Мою ногу должны были ампутировать под углом, между малой и большой берцовыми костями. Медсестры распластали меня на операционном столе, плотно закрепили ремнями руки, ноги и грудь.
– Сейчас руку будет немного жечь, – сказала анестезиолог, вливая в мою капельницу лекарство.
Мне вводили спинальную анестезию, чтобы я ничего не чувствовала ниже пояса.
Я начала мысленно считать:
– Десять… девять… восемь…
И отключилась в один момент.
Операция длилась меньше пары часов. Мне ампутировали ступни и лодыжки. Прижгли артерии, вены и нервные окончания. Сшили кожу. И перевели в послеоперационную палату.
Я очнулась. Свет приглушен. За окном темно. Голова как в дурмане. Я посмотрела на ноги, но увидела лишь бинты.
Родители были рядом.
– Ты справилась, малышка, – сказал папа.
Позже мама рассказала, что после операции доктор Канейл вышел из операционной со слезами на глазах.
– Эми просто молодчина! – сказал он, обнял их и разрыдался.
Эта операция, сама необходимость ампутировать мне ноги, стала для него настоящей трагедией. Мне было всего девятнадцать. Он так боролся за спасение ног и, как ему казалось, за шансы на полноценную жизнь.
Через несколько дней бинты сняли. В палату вошла медсестра, развернула мои пеленки и принялась медленно раскручивать марлю.
– Ну-ка, посмотрим, как там у нас заживает, – сказала она.

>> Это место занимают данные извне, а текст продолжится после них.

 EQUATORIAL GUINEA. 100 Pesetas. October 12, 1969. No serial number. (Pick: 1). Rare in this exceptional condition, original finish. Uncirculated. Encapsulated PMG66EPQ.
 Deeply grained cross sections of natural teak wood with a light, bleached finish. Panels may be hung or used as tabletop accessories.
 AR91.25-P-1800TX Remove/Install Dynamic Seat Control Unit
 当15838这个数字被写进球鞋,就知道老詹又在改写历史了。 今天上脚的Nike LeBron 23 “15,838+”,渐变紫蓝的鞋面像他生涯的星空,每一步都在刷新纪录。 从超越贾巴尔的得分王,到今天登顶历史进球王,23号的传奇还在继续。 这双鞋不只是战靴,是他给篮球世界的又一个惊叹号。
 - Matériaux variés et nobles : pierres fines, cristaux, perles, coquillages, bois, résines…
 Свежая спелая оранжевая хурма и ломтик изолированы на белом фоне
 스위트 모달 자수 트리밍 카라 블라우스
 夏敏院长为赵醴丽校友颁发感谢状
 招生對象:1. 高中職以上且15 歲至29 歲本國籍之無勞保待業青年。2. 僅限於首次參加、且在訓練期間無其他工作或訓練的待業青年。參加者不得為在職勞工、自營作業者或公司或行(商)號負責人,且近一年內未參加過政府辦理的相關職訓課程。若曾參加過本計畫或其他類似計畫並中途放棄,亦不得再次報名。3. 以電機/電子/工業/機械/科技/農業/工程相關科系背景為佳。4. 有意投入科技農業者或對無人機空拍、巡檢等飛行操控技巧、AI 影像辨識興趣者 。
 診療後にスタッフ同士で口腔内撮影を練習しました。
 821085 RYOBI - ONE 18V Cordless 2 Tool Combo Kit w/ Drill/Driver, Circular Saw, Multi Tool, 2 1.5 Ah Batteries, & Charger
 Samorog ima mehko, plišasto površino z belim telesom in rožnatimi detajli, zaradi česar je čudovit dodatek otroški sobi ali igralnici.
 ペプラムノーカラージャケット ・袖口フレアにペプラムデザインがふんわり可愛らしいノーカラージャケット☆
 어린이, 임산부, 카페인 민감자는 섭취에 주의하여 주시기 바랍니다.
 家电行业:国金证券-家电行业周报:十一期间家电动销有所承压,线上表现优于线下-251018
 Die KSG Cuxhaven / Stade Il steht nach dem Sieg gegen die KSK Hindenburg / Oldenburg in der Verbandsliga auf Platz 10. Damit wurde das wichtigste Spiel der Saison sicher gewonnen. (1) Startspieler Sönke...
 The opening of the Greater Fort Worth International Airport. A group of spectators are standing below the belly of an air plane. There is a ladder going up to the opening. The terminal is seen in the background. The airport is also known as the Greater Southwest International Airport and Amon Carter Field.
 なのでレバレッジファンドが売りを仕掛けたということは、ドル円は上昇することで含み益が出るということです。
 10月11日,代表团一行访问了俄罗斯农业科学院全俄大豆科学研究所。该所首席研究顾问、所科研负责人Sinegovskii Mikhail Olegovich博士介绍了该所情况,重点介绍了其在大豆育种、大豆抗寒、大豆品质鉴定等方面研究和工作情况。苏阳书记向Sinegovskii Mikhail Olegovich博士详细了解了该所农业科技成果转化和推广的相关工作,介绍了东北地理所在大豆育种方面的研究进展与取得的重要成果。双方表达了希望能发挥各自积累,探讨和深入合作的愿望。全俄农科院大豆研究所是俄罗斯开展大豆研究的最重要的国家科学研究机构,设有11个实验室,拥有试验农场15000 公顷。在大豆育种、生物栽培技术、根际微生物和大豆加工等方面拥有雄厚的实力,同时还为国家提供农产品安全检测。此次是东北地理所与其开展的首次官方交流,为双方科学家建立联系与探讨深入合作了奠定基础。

При мысли о том, что сейчас увижу свои ноги, я сильно нервничала. Наверное, они там все в крови? Болеть будут, наверное? И вообще, какие они? Слой за слоем медсестра снимала белую марлю. Ощущение было такое, будто бы она отдирала гигантский пластырь от небритой ноги. Наконец я увидела то, что осталось от моих ног.
На моей коже местами еще виднелась кое-где запекшаяся кровь, но швы были аккуратными и чистыми, похожими на два смайлика.
Пришел доктор Канейл меня осмотреть.
– Что ж, выглядят неплохо, – констатировал врач.
Я согласилась. Я не знала, чего ожидать, но кожа казалась гораздо здоровее, чем я думала.
Доктор Канейл ампутировал мне ноги так, чтобы идеально сели протезы, разработанные Кевином. Он оставил гораздо больше, чем я ожидала. Ниже колена у меня были совершенно нетронутые икры и целых десять дюймов голени.
– Ну, я доволен, – сказал доктор Канейл. – Давай-ка пока забинтуем обратно.
– Доктор Канейл? – спросила я, пока он не ушел.
– Да? – ответил он.
– Когда я поправлюсь и у меня будут новые ноги – как думаете, я скоро смогу снова работать?
Он помолчал.
– Знаешь, – наконец сказал он. – Если все будет хорошо, то через годик уже можно будет работать.
Целый год?! Мне ужасно не терпелось вернуться на работу.